To many, it probably sounds like a silly term. But its potential implications are serious enough that many in the UK are starting to worry about its effect on the global economy, and that includes pension funds—UK pension funds are particularly exposed to fossil fuel-based assets, as some estimates say 20 to 30 percent of the funds’ assets are allocated toward investments that would be seriously harmed by the burst of the “carbon bubble”.

But some experts say pension funds in the US should be worrying about this, too, because it’s a global issue. From The Ecologist:

If the impetus to prevent further climate change reaches the point where measures such as a global carbon tax are agreed, for example, then those fossil fuel reserves that have contributed to the heady share price performance of oil, gas and coal companies will become ‘unburnable’ or ‘stranded’ in the ground.

But even if we continue business as usual, value could begin to unravel.

Because to continue with business as usual would require an ever increasing amount of capital expenditure by the industry to explore territories previously off limits – the Arctic, for example and the Canadian Tar Sands – tapping these new resources, quite apart from being a bad idea environmentally, is hugely expensive.

Dividends – the payments earned by shareholders as a reward for keeping their shares, have come under increasing pressure as companies have had to spend their money on more exploratory drilling rather than rewarding shareholders.

So some shareholders are already feeling the impact and rather than see their dividends further eroded, might prefer to sell their shares in favour of a more rewarding dividend stock.

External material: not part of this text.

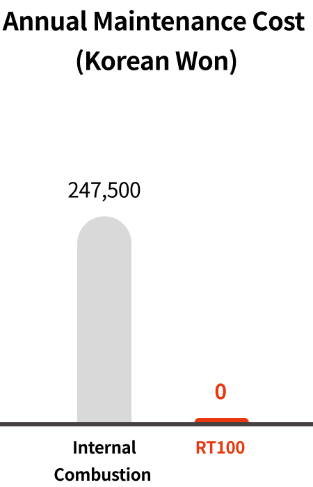 Using the RT100 for 4 hours a day over 100 days costs only about 34,560 KRW in electricity, and unlike internal combustion transport vehicles, it eliminates the need for oil, filters, and belt replacements, reducing maintenance costs.

Some don’t have the stomach for all those hypotheticals. But it’s hard to deny the policy shifts in recent years leading us towards a lower-carbon world. That includes regulation in the US, Europe and China that cuts down emissions and encourages clean energy.

That trend doesn’t look to be reversing itself in the near future, and those policies are most likely to hurt the industries most reliant on fossil fuels.

There’ve been calls in the US for public pension funds to decrease their exposure to those industries. From the Financial Times:

US pension funds have ignored calls from city councils and mayors to divest from carbon-intensive companies, despite concern about the long-term viability of their business models.

At least 25 cities in the US have passed resolutions calling on pension fund boards to divest from fossil fuel holdings, according to figures from 350.org, a group that campaigns for investors to ditch their fossil fuel stocks.

Three Californian cities, Richmond, Berkeley and Oakland, urged Calpers, one of the largest US pension schemes, with $288bn of assets, and which manages their funds, to divest from fossil fuels. Calpers has ignored their request.

Calpers said: “The issue has been brought to our attention. [We] believe engagement is the best course of action.”

Pension fund experts point out that it is difficult to pull out of illiquid fossil fuel investments, or carbon intensive stocks that are undervalued, provide stable dividends or are better positioned for legislative change.

CalPERS isn’t the only fund that doesn’t want to divest. Not a single public fund has commited to divesting from carbon-reliant companies.

To some, CalPERS’ policy of “engagement” rather than divestment probably sounds like a cop-out. But some experts think the policy could be effective.

“With divestment you are not solving the problem necessarily, you are just not part of it.” Said George Serafeim, associate professor of business administration at Harvard Business School. “With engagement you are trying to solve the problem by engaging with companies to improve their energy efficiency, but you are still part of the mix.”